私がとても恩義を感じ、尊敬していたある人物のために、麻雀の賭場を開いて汚い手口で荒稼ぎしていた新興のヤクザ組織に、麻雀で闘いを挑んだことがあった。
場に出てきた相手方の打ち手は、2人の裏プロだった。こちらについているのは、私の同僚でそこそこ麻雀が打てる素人だった。
相手の裏プロはグルだった。1人は賭場を開いている金バッジをつけたヤクザ組織の幹部、もう1人は雀クマ(雀荘を転々とし、素人を食い物にして稼ぐ裏プロ)。予想していたことだが、彼らはお互いにサインを送り合うなど裏の手を露骨に使ってくる。
だが、そんなことはおかまいなしに、流れをつかんだ私は2回戦でトップになり、5回戦までその座を渡すことはなかった。

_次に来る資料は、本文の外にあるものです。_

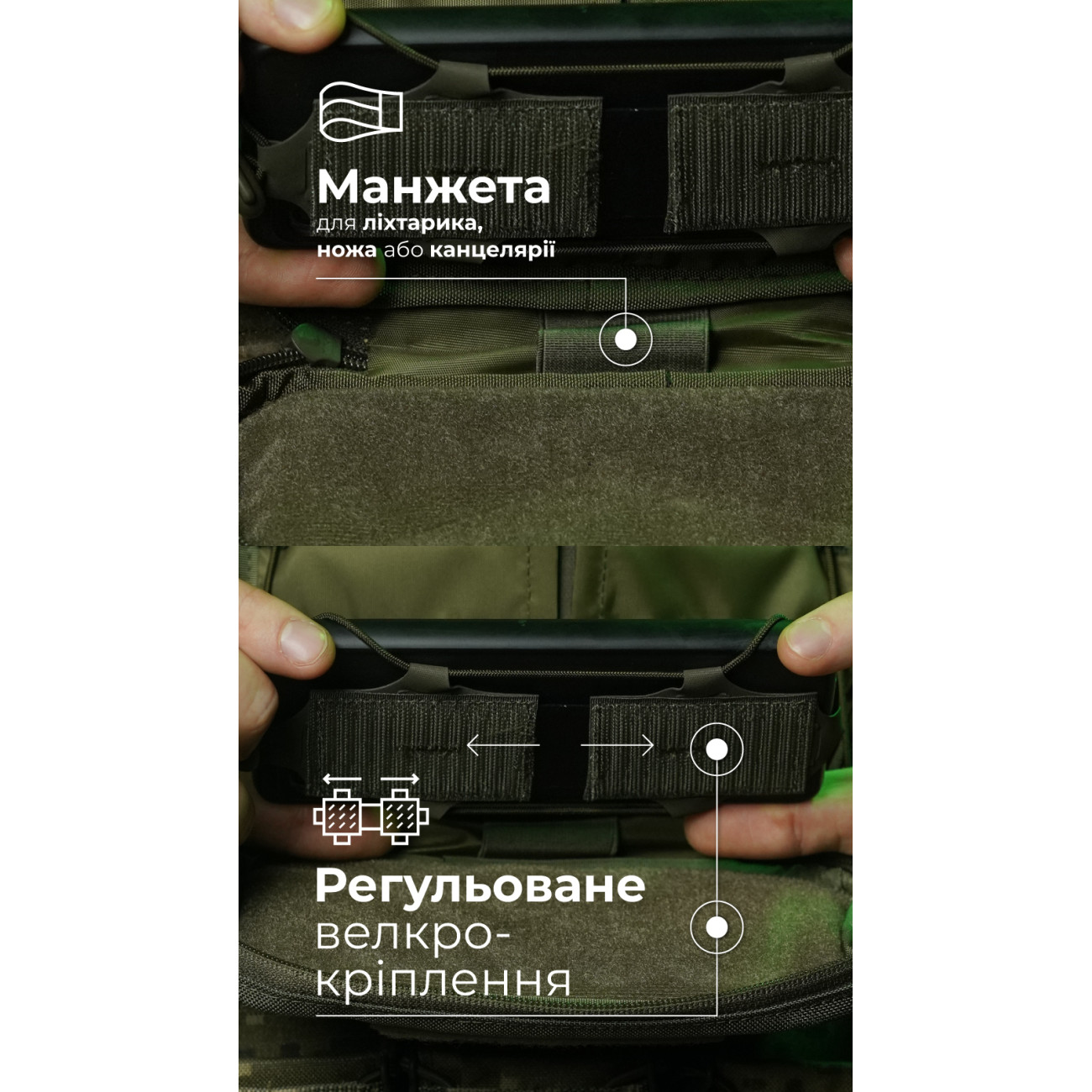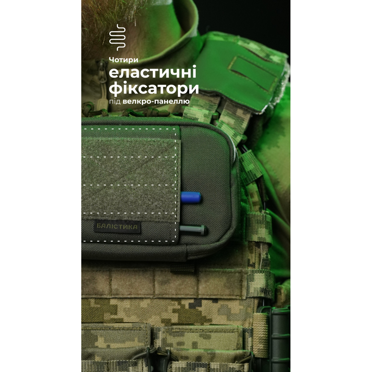 🔹 Під велкро-панеллю сховані чотири еластичні фіксатори, у яких можна тримати хімсвітло, маркери тощо.

5回戦が終わった段階でこのままでは負けてしまうと思ったのだろう、険しい顔をした2人組は休憩を取ろうというなり立ち上がり、私を強引に地下の倉庫に連れ込んだ。
そこには金バッジの兄貴分と思われる男がいた。金バッジは「お前、クマ公だろ!」とすごみながら、日本刀を私の頬に当ててきた。
「生きて帰りたいなら負けろ。勝ったら殺す」
そういわれても動じない私を見て、一層興奮した金バッジが、いきなり私の左手小指を思い切りねじりあげた。
激痛が走った私は「この野郎!」とばかり、金バッジにつかみかかろうとしたが、日本刀を頬にぐいっと押し付けられた。兄貴分は「わかったな」という目で私を威嚇し、「次は指一本じゃすまねえぞ」と捨てゼリフを吐いて倉庫から出て行った。
そんな状況の中で6回戦が始まった。指はずきずきと痛み出し、両手を使っての積み込みはとてもできる状態ではなかった。
だが、脅されても私の腹は決まっていた。汚い手を使った連中に負けるくらいなら死んだほうがましだと。中断を挟んでも、勝負の流れは変わっていなかった。
そのとき、突然チクリと背中に痛みが走った。どうやら背中に日本刀の切っ先を突きつけられたのだ。それでも私は構わず打ち続けた。
8回戦に入り、私がツモ和りしたとき、我慢もここまでと金バッジが私の背後にいる男に鋭く目配せした。一緒に卓を囲んでいた私の同僚が、驚いたように後ろに飛びのいた。